Personal information
- Full name: Rubén Belima Rodríguez
- Date of birth: 11 February 1992 (age 33)
- Place of birth: Móstoles, Spain
- Height: 1.77 m (5 ft 10 in)
- Position: Left winger

Youth career
- 1999–2010: Torrevieja
- 2010–2011: Real Madrid

Senior career*
- Years: Team / Apps / (Gls)
- 2009–2010: Torrevieja / 8 / (0)
- 2011–2013: Real Madrid C / 47 / (5)
- 2013–2015: Real Madrid B / 3 / (0)
- 2016–2017: Koper / 33 / (6)
- 2017–2018: Leixões / 20 / (3)
- 2018: Domžale / 5 / (0)
- 2019: Estoril / 22 / (1)
- 2021: SD Logroñés / 3 / (0)
- 2021–2022: Hércules / 6 / (0)
- 2022: Móstoles URJC / 4 / (0)
- 2022: Rio Maior / 6 / (0)
- 2023: Torrellano / 3 / (0)
- Total:  / 160 / (15)

International career^{‡}
- 2013–2022: Equatorial Guinea / 30 / (0)

= Rubén Belima =

Equatoguinean footballer (born 1992)

Rubén Belima Rodríguez (born 11 February 1992) is a former professional footballer who played as a left winger. Born in Spain to an Equatoguinean father, he capped for the Equatorial Guinea national team.

==Club career==
Belima was born in Móstoles, Community of Madrid, Spain. He began his career with FC Torrevieja before joining the youth ranks of Real Madrid, and making his way into their C-team. He made his professional debut with the reserve team in Segunda División on 4 May 2014, as an 85th-minute substitute for Burgui in a 1–1 home draw with fellow strugglers Real Jaén CF.

After 18 months in Slovenia with FC Koper, Belima returned to the Iberian Peninsula on 31 July 2017, signing for Leixões S.C. of Portugal's LigaPro for one year with the option of a second. He scored four times in 24 games for the club from Matosinhos – including the only one of a home victory over F.C. Paços de Ferreira in the Taça da Liga groups on 20 September – before making the journey back to the previous country to NK Domžale.

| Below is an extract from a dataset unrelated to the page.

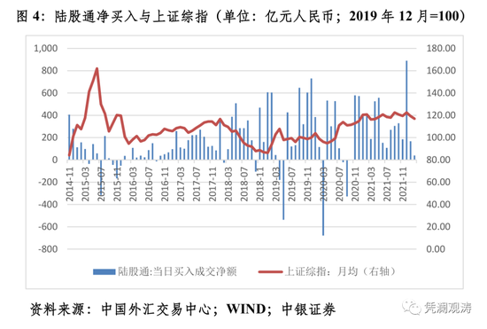 美联储紧缩引发风险资产调整的传染效应。对1990年12月至2022年2月间的月均上证综指、标普500指数和10年期美债收益率取自然对数进行相关性分析显示,10年期美债收益率与标普500指数表现为负相关0.804,标普500指数与上证综指为正相关0.815,均为较强的相关性。这表明,从较长时期来看,全球无风险资产定价之锚——10年期美债收益率越高,美股表现越差,而美股表现差,也会带动A股下行。2021年以来,美联储和IMF已多次预警,货币宽松不及预期,有可能引发全球风险资产价格调整。继2021年3月份美债收益率飙升、美股巨震之后,2022年1月份,受类似因素影响,美股再度剧烈震荡,A股也跟随调整,同期陆股通累计净买入成交额环比下降81%,同比减少58%;2月份,叠加俄乌冲突升级,陆股通累计净买入成交额环比下降76%,同比下降90%(见图4)。鉴于此次美联储退出,既要稳物价,又要稳经济,还要稳金融,政策力度难以拿捏,存在较大的市场沟通难题,故紧缩过程中金融动荡恐难避免。

On 28 January 2019 Belima was back in Portugal's second tier, with G.D. Estoril Praia. He scored once in the remainder of the season, albeit in the 4–2 loss at Penafiel that ended the team's hope of promotion to the Primeira Liga.

==International career==
Belima made his international debut for Equatorial Guinea on 16 November 2013 in a friendly against his birth country Spain in Malabo; he was a last-minute substitute for Juvenal Edjogo Owono in the 2–1 loss. The game was however stricken from the FIFA records as the host team had not given sufficient notice that the referee would be a compatriot.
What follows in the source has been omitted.